We’ll explain what is a function approximator with this simple example: Consider the following 1000 points, how might we succinctly describe them? Specifically, given an input x, how do we describe its corresponding output y?
I came up with the following red curve. As you can see, it is making a lot of mistakes, especially on inputs around -5 and 5, and a few edge points on the far left and right. However, the red-curve is defined with only 5 numbers, which is far more succinct than the original 1000 points.
Let’s improve our approximation. It turns out that if you were to tweak the 5 numbers, you can end up with a much better approximation as follows:
The errors around 5 and -5 were reduced, while the edge points in the far left and right remain inaccurate. Nonetheless, it is a worthwhile sacrifice to accurately represent the majority of the points toward the centre. The result is that the inaccuracies along the edges remain unaddressed.
The punchline : This red curve of mere 5 parameters is a simple function approximator, mapping input x to its corresponding output y. AlphaStar is also a function approximator, a complex neural network with many parameters, mapping a Starcraft scenario to how likely is it going to win. Both will be deadly accurate in scenarios that occur frequently during training, and both may have inaccuracies in scenarios that are rare or absent.
AlphaStar : Traps and Missing Pages
In Starcraft, as in any game, the goal is to write the book, perfectly identifying the basins of attractions (aka [value]) and the appropriate maneuvers (aka [policy]) in every scenario. AlphaStar approximates this perfect book with a neural-network, and improves it by exposing this book to different scenarios.
First, AlphaStar is trained to imitate human plays from a large body of replays; Second, AlphaStar refines what it imitated from the humans in a league system that actively preserves diversity of strategies. From reading between the lines in the blog post, I conjecture the following to be true:
- con. It is difficult to spontaneously develop diverse high-level strategies by playing against itself. Thus the need of imitating humans first.
- con. It is tricky to maintain diversity of strategies within the league. Strategies that are novel but low win-rate are explicitly kept around.
- pro. Surprisingly, the total number of steps for a game is about 3000, and as thus, directly reward an agent with +1 for winning and -1 is sufficient.
- pro. With ~200 years of grinding (per agent), the micro engagement and battle is superhuman level, effectively traps for humans.
- pro. Rather than a single agent, AlphaStar is a stable mixture of different agents, so it packs the surprise in terms of opening strategies.
- con.
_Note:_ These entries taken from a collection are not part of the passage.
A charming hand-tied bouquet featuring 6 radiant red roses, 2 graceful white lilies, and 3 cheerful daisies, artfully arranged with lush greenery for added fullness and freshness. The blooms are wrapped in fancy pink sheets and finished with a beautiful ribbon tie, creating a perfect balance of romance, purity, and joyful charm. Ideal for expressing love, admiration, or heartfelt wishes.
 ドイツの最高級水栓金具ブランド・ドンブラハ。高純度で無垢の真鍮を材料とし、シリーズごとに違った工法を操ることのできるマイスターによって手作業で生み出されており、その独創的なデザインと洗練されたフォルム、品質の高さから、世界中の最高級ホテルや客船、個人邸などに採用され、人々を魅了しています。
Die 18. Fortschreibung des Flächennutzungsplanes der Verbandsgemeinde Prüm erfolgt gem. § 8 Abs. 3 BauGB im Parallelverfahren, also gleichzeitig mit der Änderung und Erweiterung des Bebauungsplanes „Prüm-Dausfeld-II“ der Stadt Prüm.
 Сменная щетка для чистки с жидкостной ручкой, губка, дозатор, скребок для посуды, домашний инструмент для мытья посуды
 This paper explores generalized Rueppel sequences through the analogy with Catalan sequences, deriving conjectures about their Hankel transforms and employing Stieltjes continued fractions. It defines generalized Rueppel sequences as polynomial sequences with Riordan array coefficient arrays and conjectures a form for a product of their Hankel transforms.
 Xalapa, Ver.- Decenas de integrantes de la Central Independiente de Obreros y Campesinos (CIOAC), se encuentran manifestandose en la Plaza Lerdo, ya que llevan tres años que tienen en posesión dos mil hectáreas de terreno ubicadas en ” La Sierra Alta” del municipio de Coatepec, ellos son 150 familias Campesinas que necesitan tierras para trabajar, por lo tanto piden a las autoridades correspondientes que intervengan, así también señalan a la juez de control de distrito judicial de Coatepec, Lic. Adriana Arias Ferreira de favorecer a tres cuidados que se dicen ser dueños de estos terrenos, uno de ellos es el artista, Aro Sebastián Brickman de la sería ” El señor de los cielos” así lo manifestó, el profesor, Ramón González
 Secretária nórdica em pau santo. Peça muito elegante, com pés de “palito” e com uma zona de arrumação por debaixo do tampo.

It seems the agent does not plan (in a model-based [MCTS] sense), which makes adapting and pivoting strategies on the fly difficult.
The following would be my personal opinions on how to fight. Simply, avoid familiar scenarios that were exposed to AlphaStar during its training (traps) and try to come up with weird game scenarios that it has no exposure to.
Traps to Avoid, Instant Losses:
- Micro battles. Curb your ego, it’s 200 years better than you.
- Early game gambles that relies on execution such as proxy (see 1).
- Overestimate your army strength: its 5 units are stronger than your 10.
Traps to Set:
- Long games. All games start identical, but diverge as time goes on. Thus long games contain more opportunities for the AI to [act astonished].
- Mind games. AlphaStar is unlike AlphaGo because it is [reactionary] rather than [planning]. And its different openings a [gambit] of multiple reactionary agents. It cannot adapt on the fly as well as a human can.
- Sneaky games. Although repeatedly emphasised as an important aspect of Starcraft, the AlphaStar is bad at scouting (as a consequence of its reactionary nature). Hide things from it to give it a nasty surprise later.
The perfect win for AlphaStar is a predictable, overwhelming victory of executions on a refined strategy. The perfect win for human is coaxing the game to uncharted territories until AlphaStar becomes astonished.
As we do not chop off tall people’s legs when they play basketball, perfect execution could be deemed as a natural talent of AlphaStar, and focusing on it is bit dogmatic. There’s more strategic depth to Starcraft than brute-forcing a bunch of blink stalkers around and winning every game. Unlike Chess and Go, where the AI’s book is dense and packed with traps, AlphaStar is still missing many pages its book: adaptability and creativity. It would be such a shame to declare Starcraft “solved” when these defects are still glaringly present.
The danger of AI is not that it will be more capable than us, but us projecting human sentiments onto the machines as we do with stuffed animals.
Well I’d really like to thank you for reading this far, high five !